A ruby? It’s forever!
It’s a red corundum, simply, but it contains legends and benefits, love stories and ancient memories. And it makes the wearer dream.
The ruby is a rare stone, especially when large. Its color evokes energy, warmth, love and, above all, passion.
It’s also found in blue, a particularly prized variety like "pigeon blood", or with shades tending to blue, purple, brown, yellow.
Like the sapphire, it’s the hardest stone after the diamond, but, despite this, expert jewelers are particularly cautious in its processing when cutting.
Inclusions occur, sometimes, due to the natural origin, and incredible optical effects: the ruby amazes if cut into a cabochon or a six-rayed star, and is famously considered a symbol of nobility and virtue. It is the stone of vitality and stimulates the first chakra by increasing vital energy and evoking enthusiasm, joy and freedom.
Among the favorite stones, together with diamonds, as an engagement ring, as received by the beautiful Eva Longoria from her Josè Antonio Baston.
According to legend, the ruby has ancient origins, linked to the blood of a demon, Bala, while for the Greeks it was called antrax - live charcoal, and it was believed that, if exposed to the sun, the ruby would turn into the color of hot coals, equaling the power of the sun. For the Nordic populations the precious stone is linked, for example, to the legend of the Ring of the Nibelungs, with Siegfried who defeated them with his own sword studded with red rubies.

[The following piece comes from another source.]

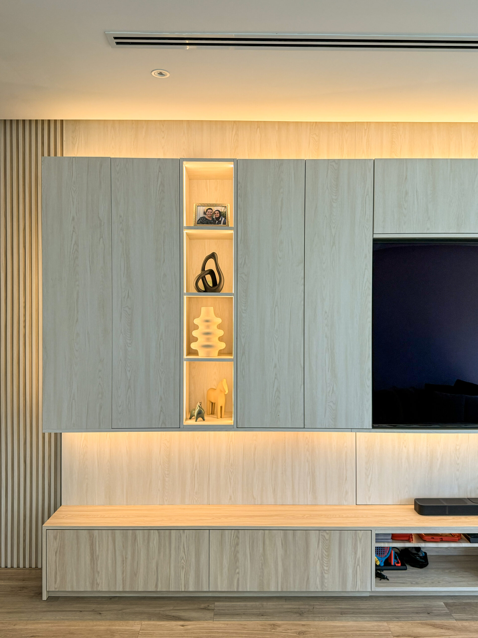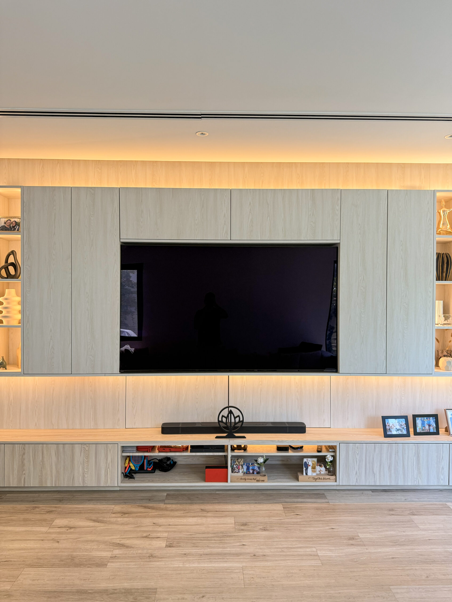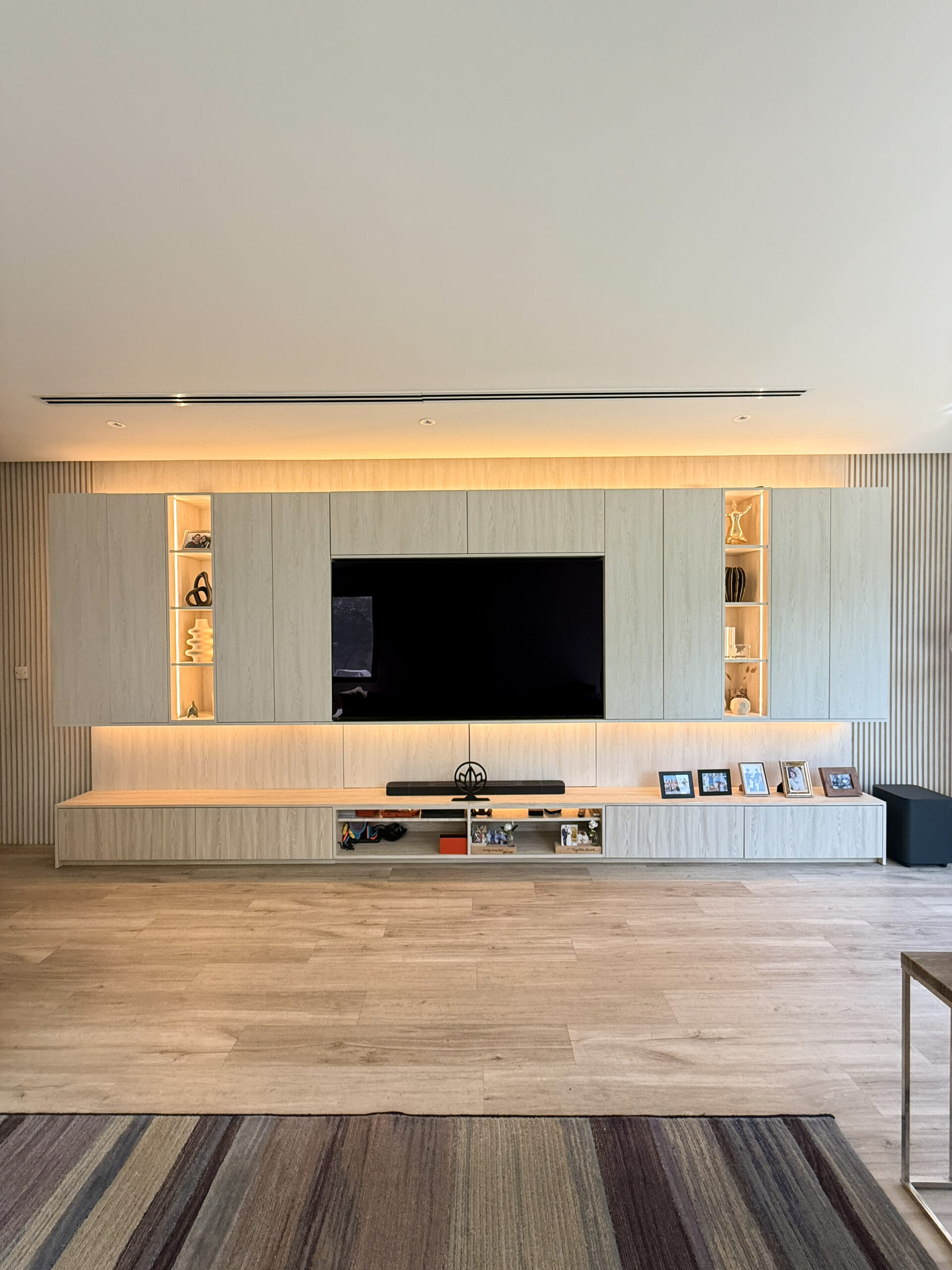 Elevate your living space with the Modern Wood TV Unit | Tailored Wall Paneling & Display Cabinetry, a refined feature that blends contemporary design with practical living room functionality. This bespoke TV unit is thoughtfully designed to create a cohesive focal wall, combining warm wood finishes with custom wall paneling and integrated display cabinetry.

The most important ruby deposits are found in Burma, Thailand, Sri Lanka and Tanzania. Thai rubies have a brownish or purple hue, while in Tanzania there are those with a color from purple to dark red.
The most expensive in the world? From Burma, it was sold 5 years ago in a Sotheby's auction for $ 30 million. And the largest cut-suitable ruby, 400 carats, was found in Myanmar and divided into three parts, while the Black Prince's Ruby on the English crown, the Timur Ruby set on a necklace of English crown jewels, and, always speaking of the rich collection of precious items of Queen Elizabeth, those that adorn her Burmese tiara, a diadem with 96 rubies donated by the Burmese people in 1947 on the occasion of the wedding with Prince Phillip.